Task details: From the first line of the data through the line containing "А как ты думаешь, о", transcribe each line exactly. Pictures do not belong in the copy.

Available records:
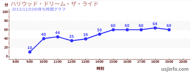 • ハリウッド・ドリーム・ザ・ライド$B$N(B2013年12月03日の待ち時間
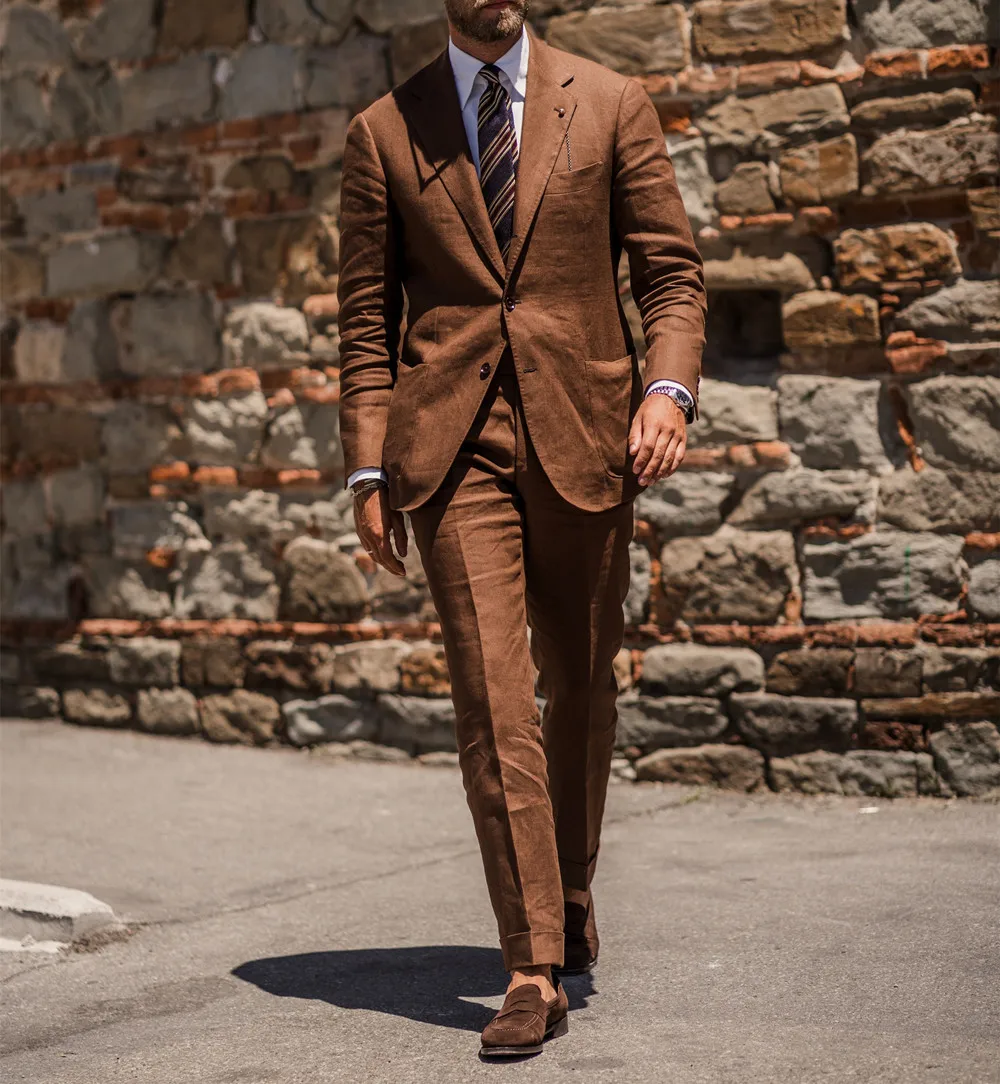 Блейзеры и брюки мужские из 2 предметов, облегающий деловой льняной летний костюм, лето 2022, свадебный смокинг для жениха, повседневные мужские костюмы по индивидуальному заказу
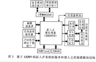 嵌入式處理器是整個硬件系統(tǒng)的核心元件,其性能好壞直接決定整個系統(tǒng)的運行效果,所提供功能的強弱直接決定嵌入式應用的適應范圍和開發(fā)復雜度。嵌入式處理器一般具備以下特點:支持實時多任務操作系統(tǒng);具有強存儲區(qū)保護功能;處理器結構可擴展;功耗低。圖3為基于ARM9的嵌入式系統(tǒng)的服務機器從主控制器模塊結構。
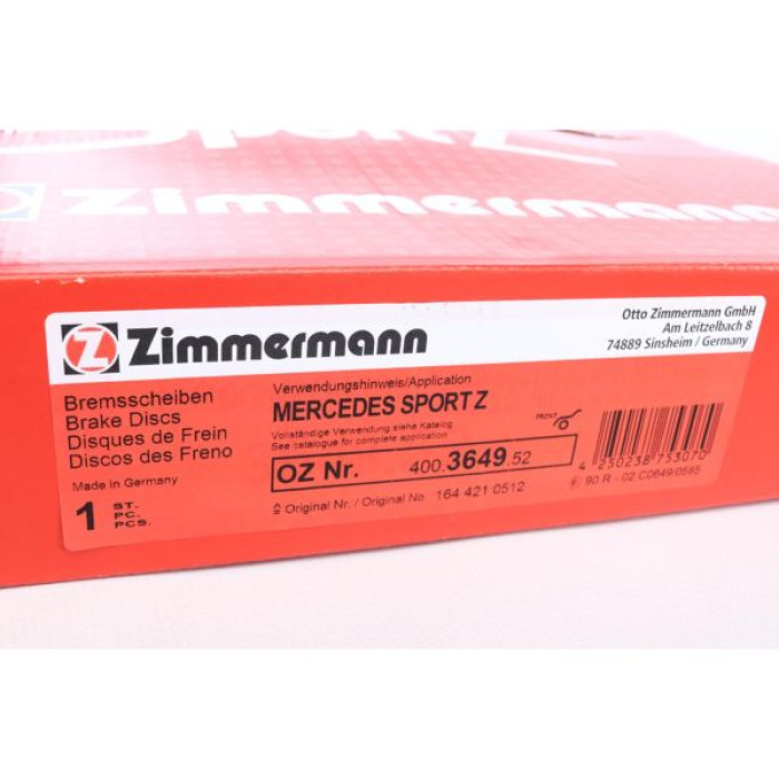 Спортивный передний тормозной диск Zimmermann Sport Z 400.3649.52 на MERCEDES-BENZ M-CLASS (W164) с двигателем ML 500 4-matic (164.172) дата производства с 02.2005 по 12.2012
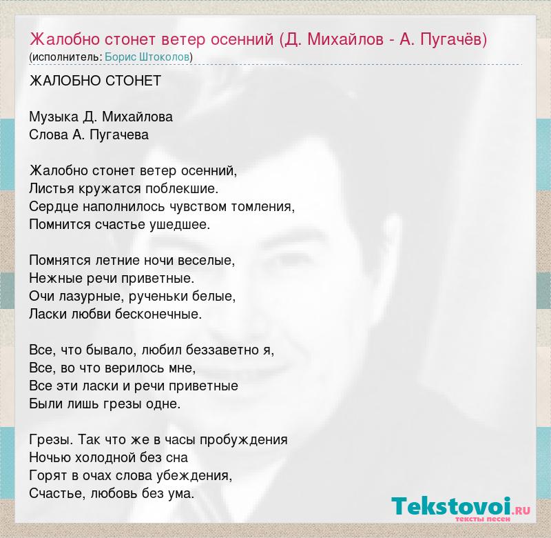 А как ты думаешь, о чем песня "Жалобно стонет ветер осенний (Д. Михайлов - А. Пугачёв)" ?
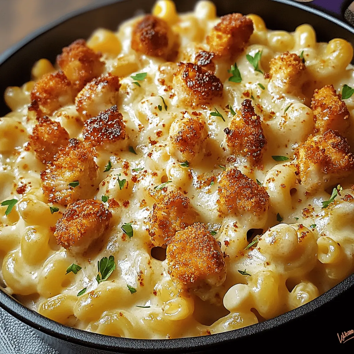 Jump to Recipe Print RecipeAs I stood in my kitchen, the aroma of sizzling chicken filled the air, igniting a playful nostalgia for cozy family meals. That’s when I decided to elevate the classic comfort food with my Creamy Honey Pepper Chicken Mac and Cheese—a delightful twist that combines rich, gooey cheese with the enticing sweetness of honey and a hint of spice. This dish not only brings comfort to busy weeknights but also impresses at gatherings, making it an instant family favorite. With its quick prep and the option for healthier substitutions, it invites you to indulge without any guilt. Curious about how to whip up this creamy revelation? Let’s dive in and discover the magic behind this modern classic together! Why is Honey Pepper Chicken Mac and Cheese special? Irresistible Flavor Fusion: This recipe combines sweet honey with spicy pepper for a unique twist on a classic. Comfort Food Joy: Mac and cheese is the ultimate comfort food, and adding chicken amplifies the heartiness, perfect for family gatherings. Quick and Easy: Simplified steps mean you can serve this creamy delight on busy weeknights without hassle. Customizable: Swap in whole grain pasta for extra fiber, or toss in your favorite veggies to make it fit your nutrition goals. For an extra treat, consider pairing it with our Honey Butter Chicken for an unforgettable feast! Crowd-Pleaser: Guaranteed to impress both kids and adults, this dish has a way of bringing everyone to the table. With such vibrant flavors and cozy satisfaction, it’s hard to resist this modern mac and cheese classic! Honey Pepper Chicken Mac and Cheese Ingredients • When you gather these ingredients, you’re on your way to creating a delightful dinner that everyone will love! For the Pasta Elbow Macaroni – The classic pasta choice; opt for whole wheat for extra nutrition. For the Chicken Boneless Skinless Chicken Breasts – The star protein; cut into bite-sized pieces for faster cooking. Olive Oil – Ideal for sautéing; can be swapped with butter for added richness. Salt & Black Pepper – Essential for seasoning; consider sea salt for a more flavorful taste. For the Sweet and Spicy Flavor Honey – Brings a touch of sweetness that perfectly balances the savory; swap for maple syrup if desired. Crushed Red Pepper Flakes – Adds the necessary kick; adjust to your spice preference or replace with fresh jalapeños. For the Creamy Sauce Butter – The foundation for your cheese sauce; use light butter for a healthier option. All-Purpose Flour – Thickens the sauce; gluten-free? Cornstarch works beautifully! Milk & Heavy Cream – Creates that luxurious texture; plant-based milk is a great dairy-free substitute. Garlic Powder – Infuses delicious flavor; fresh garlic adds a lovely touch if available. Onion Powder – Complements the garlic; sautéing fresh onion can enhance the richness. Shredded Mozzarella & Sharp Cheddar Cheese – The ultimate cheese combo for gooeyness; low-fat options are available if you’d like to lighten it up. For Garnish Chopped Parsley (optional) – Adds a fresh finish; feel free to replace with chives or skip if you want. Gather these ingredients, and you’ll be one step closer to serving up an incredible Honey Pepper Chicken Mac and Cheese that your family will adore! Step‑by‑Step Instructions for Honey Pepper Chicken Mac and Cheese Step 1: Cook the Pasta Begin by boiling a large pot of salted water and adding elbow macaroni. Cook according to package instructions until al dente, usually around 8-10 minutes. Once done, drain the pasta in a colander and set it aside, allowing it to steam off excess moisture while you prepare the other components of your Honey Pepper Chicken Mac and Cheese. Step 2: Sauté the Chicken In a large skillet, heat 2 tablespoons of olive oil over medium heat. Season your bite-sized pieces of boneless skinless chicken breasts with salt and black pepper, then add them to the hot skillet. Sauté the chicken for about 6-8 minutes or until it turns golden brown and is no longer pink in the center. Stir occasionally to ensure even cooking and prevent sticking. Step 3: Add Sweetness and Spice Once the chicken is thoroughly cooked, reduce the heat and stir in ¼ cup of honey along with 1 teaspoon of crushed red pepper flakes. Toss the chicken until it’s evenly coated in the sweet, spicy mixture. Let it simmer for an additional 1-2 minutes to warm through before removing the skillet from heat. Step 4: Prepare the Cheese Sauce In a separate saucepan over medium heat, melt 3 tablespoons of butter. Once melted, whisk in 3 tablespoons of all-purpose flour and cook for about 1-2 minutes until it turns a light golden color, creating a roux. This crucial base will thicken your cheese sauce for the Honey Pepper Chicken Mac and Cheese. Step 5: Make it Creamy Gradually whisk in 2 cups of milk and 1 cup of heavy cream into the roux, stirring continuously to avoid lumps. Keep cooking the mixture, bringing it to a gentle simmer for about 3-4 minutes until it thickens. Add 1 teaspoon each of garlic powder and onion powder, incorporating them well for a rich, flavorful base. Step 6: Add the Cheeses Lower the heat to medium-low and stir in 1 cup of shredded mozzarella cheese and 1 cup of sharp cheddar cheese. Mix continuously until the cheeses melt completely and the sauce is smooth and creamy. It should have a thick and luscious consistency, perfect for enveloping the pasta in your Honey Pepper Chicken Mac and Cheese. Step 7: Combine Pasta and Chicken Toss the drained macaroni into the creamy cheese sauce, stirring to coat every piece evenly. Next, gently fold in the honey-glazed chicken, ensuring they’re well distributed throughout the pasta. This step melds the comforting elements of the dish together, creating a deliciously indulgent experience. Step 8: Broil for a Crunchy Top Transfer the mixture to a greased baking dish and sprinkle a little extra mozzarella on top for added gooeyness. 
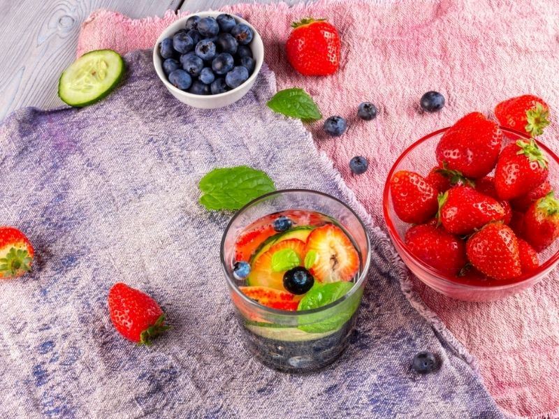 - Çilekli naneli detoks suyu: Büyük bir sürahinin içerisine su doldurun. İçine 5-6 adet çilek ve taze nane yaprağı ekleyip karıştırın.
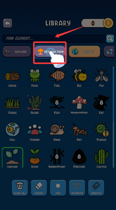 3、自由切换至"破坏元素"专区,可以查看能够改变场景的特殊材料。
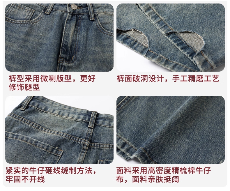 Madwitch American Cleanfit Casual Straight Wide-Leg Jeans for Men, Retro Vintage Loose Pants

Response below:
 • ハリウッド・ドリーム・ザ・ライド$B$N(B2013年12月03日の待ち時間
 Блейзеры и брюки мужские из 2 предметов, облегающий деловой льняной летний костюм, лето 2022, свадебный смокинг для жениха, повседневные мужские костюмы по индивидуальному заказу
 嵌入式處理器是整個硬件系統(tǒng)的核心元件,其性能好壞直接決定整個系統(tǒng)的運行效果,所提供功能的強弱直接決定嵌入式應用的適應范圍和開發(fā)復雜度。嵌入式處理器一般具備以下特點:支持實時多任務操作系統(tǒng);具有強存儲區(qū)保護功能;處理器結構可擴展;功耗低。圖3為基于ARM9的嵌入式系統(tǒng)的服務機器從主控制器模塊結構。
 Спортивный передний тормозной диск Zimmermann Sport Z 400.3649.52 на MERCEDES-BENZ M-CLASS (W164) с двигателем ML 500 4-matic (164.172) дата производства с 02.2005 по 12.2012
 А как ты думаешь, о чем песня "Жалобно стонет ветер осенний (Д. Михайлов - А. Пугачёв)" ?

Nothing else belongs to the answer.